Theodore P. Fields, Fields, Smoller & Fields, Chicago, Ill., for United Fire Ins. Co.

MEMORANDUM OPINION

WILL, District Judge.

These are two related actions alleging a discriminatory pricing scheme for the sale of credit property insurance. In No. 76 C 2314, plaintiff, a "brown-skinned resident alien of Hispanic (Mexican) origin", sues for declaratory and injunctive relief and monetary damages pursuant to 42 U.S.C. § 1981. In No. 76 C 2638, plaintiff, a Spanish-surnamed citizen of the United States, sues for similar relief under 42 U.S.C. §§ 1981 and 1982. Motions to dismiss have been filed in each case. For the reasons herein stated, we deny in part and grant in part the motions to dismiss.

I.

Credit property insurance is sold, generally, in connection with retail installment credit sales of property. The insurance protects against damage or destruction to the property during the life of the contract. Two types of credit property insurance are relevant to our discussion of the instant cases: (1) single interest insurance, which protects only the creditor's interest, defined as the unpaid balance at the time of the occurrence of the insured risk; (2) dual interest insurance, which purportedly protects both the creditor's and the debtor's interest, so that if the depreciated value of the property destroyed is worth more than the creditor's interest, the debtor receives the difference. Conversely, if the property destroyed is not worth more than the creditor's interest, the benefits paid under the dual interest policy will be no greater than those paid under the single interest policy.

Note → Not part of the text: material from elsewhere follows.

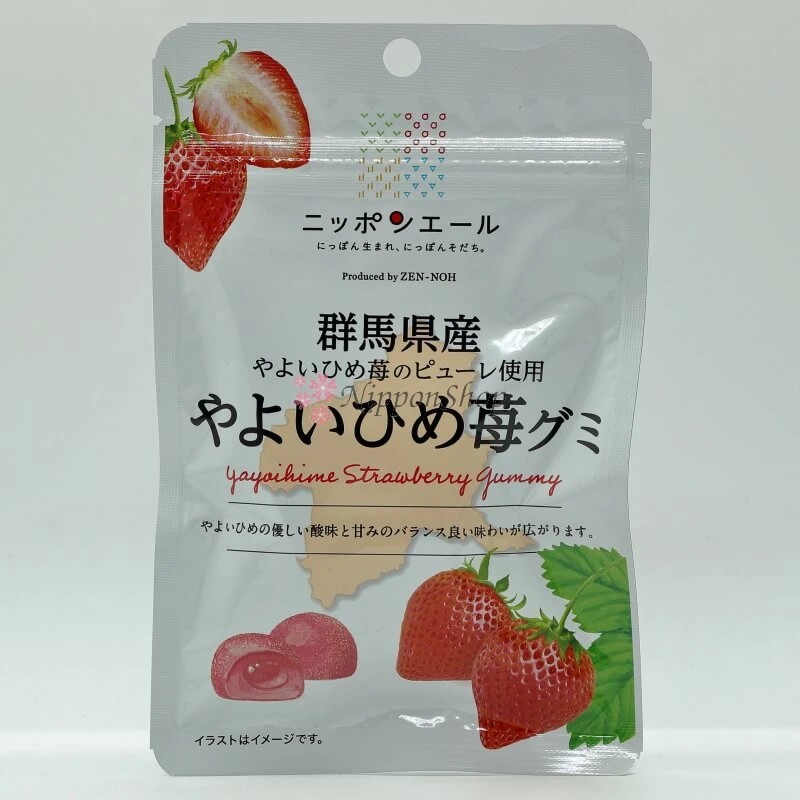 These gummies are made using puree from Gunma Prefecture-grown Yayoi Hime strawberries.

Plaintiff in each case alleges that United sold single interest insurance in stores with predominantly Caucasian customers at a rate of $1.50 per $100 of insurance per year, but only dual interest insurance, at a rate of $4.00 per $100 of insurance per year, in stores with predominantly non-Caucasian customers. Merit is alleged to have entered the market in 1973, selling dual interest insurance at the $4.00 rate to selected stores, the great majority of whose customers were black or Hispanic.

In April 1974, the Illinois Department of Insurance ordered United to lower its dual interest rates and make both single and dual interest policies available at all retail establishments marketing its insurance. United subsequently lowered the dual interest rate to $3.00 per $100 of insurance per year. Merit continued the $4.00 rate until June 1976.

II. MOTIONS TO DISMISS
A. Ortega

Defendant Merit moves to dismiss on the ground that there are no allegations that Merit sold property insurance to different people based on race, and that none of the persons who contracted with Merit were in any way forced to contract or were unable to purchase insurance from any other person or entity. Merit further alleges that plaintiff Ortega lacks standing to sue as the insurance agreement was signed by plaintiff's husband rather than plaintiff.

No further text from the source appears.